You mention The Work of Byron Katie in this episode. With Martha you find the opposite of anxiety to be creativity and land on creativity as an antidote of sorts for anxious states. (And I’ll note here that another commenter corrected that curiosity was actually the area of brain research in what Martha referenced, though, gosh, aren’t those two connected!) Because of these things, this anecdote seems a propos:
Once when doing Byron Katie’s Work on the stressful thought “at my core I am a depressed person” I was searching for the turnarounds. There’s a linguistic playfulness and an attitude of wide, soft receptivity in these turnaround searches for me. I found the obvious ones “at my surface, I am a depressed person”, “at my core, I am not a depressed person” and they were useful for finding where and how they were ‘as true or truer’ as Katie says, than the original thought. But then I asked what the linguistic opposite of de-pressed was and ex-pressed popped into my mind. So the turnaround becomes ‘at my core I am an expressed person’ Finding where those were true was life-changing.

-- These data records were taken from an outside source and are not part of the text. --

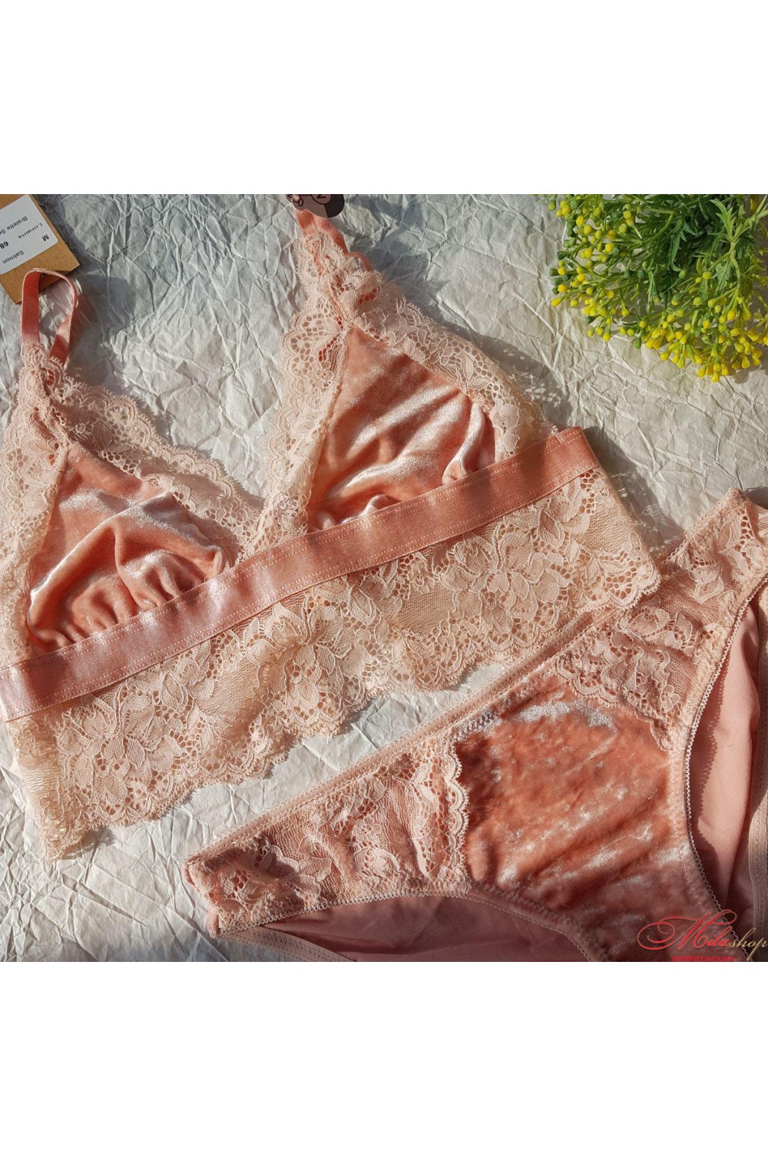 Безкаркасный комплект состоит из нежного браллета с кружева и велюра. Трусики слипы тоже спереди украшены велюром и кружевом.
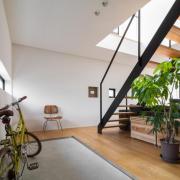 当事務所(住宅兼用事務所)です。住居として使用すると共に事務所としても案内出来る様、家具レイアウトを配置しています。風の流れ、光の動き、吹抜・開口部の開放感を感じるゆったりとした空気感のある設計となっています。
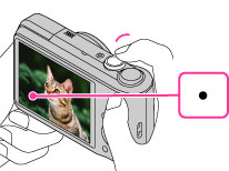 Kun kamera ei pysty tarkentamaan kohteeseen automaattisesti, AE/AF-lukon ilmaisin alkaa vilkkua hitaasti eikä äänimerkkiä kuulu. Sommittele kuva uudelleen tai muuta tarkennusasetusta. [Tietoja]
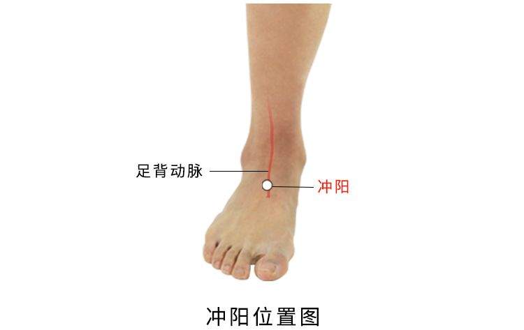 再来是冲阳,在解溪穴下二寸,找的时候不要硬找二寸、三寸,你用摸的。摸到动脉,动脉下就是冲阳,大约在解溪穴下二寸,冲阳穴是胃经的原穴。我们有手三阳足三阳,阳经上才有原穴,阴经上没有原穴。过去在《素问》来说,冲阳是禁针的,因为过去针很粗,像火柴棒那么粗。冲阳穴里面有个动脉,一下针就会扎到动脉。但现在针很细,你摸到冲阳脉时,先把脉拨开来,针就下去了。这是下针的手法。因为它是原穴,原穴补泻都可以做,实症、虚症通通可以治。有冲阳脉代表胃气还在。例如今天碰到一个病人是哑巴,问他饿不饿,他不会讲。你一摸冲阳脉还在,这个病人胃气还在。冲阳我们可以下针,用32号针,虚实都可治。你看书上写的胃经资料,很多都是发狂奔走、登高而歌、弃衣而走。因为是肠胃的病,大便不通,燥气会上冲,让人头昏过去。所以会跑到很高的地方,很燥热,就开始脱衣服而走了。我们介绍到伤寒时,知道燥矢是如何造成的,可以把它消导下来。中医有些地方很好玩,比如说,你看书上的丰隆穴,第三行,上面写"见鬼好笑",什么叫见鬼好笑,意思是没有什么事自己在傻笑。

De-pressed (and the associated connotations of held down, stifled, stuck, limited)
vs.
Ex-pressed (and the associated connotations of flowing out, loudly and unreservedly shouted, quietly whispered, calmly but boldly stated, silently danced into form)
This antonym/antidote has remained with me. When I find myself heading into depressive thoughts and actions, it’s likely something is not being expressed. And there is rich mining to be done for where that is true, and what expression wants to find the light.
Feels so similar to the anxiety/creativity (curiosity) dynamic you explored with Martha and connected to the Byron Katie Work, so I felt moved to share.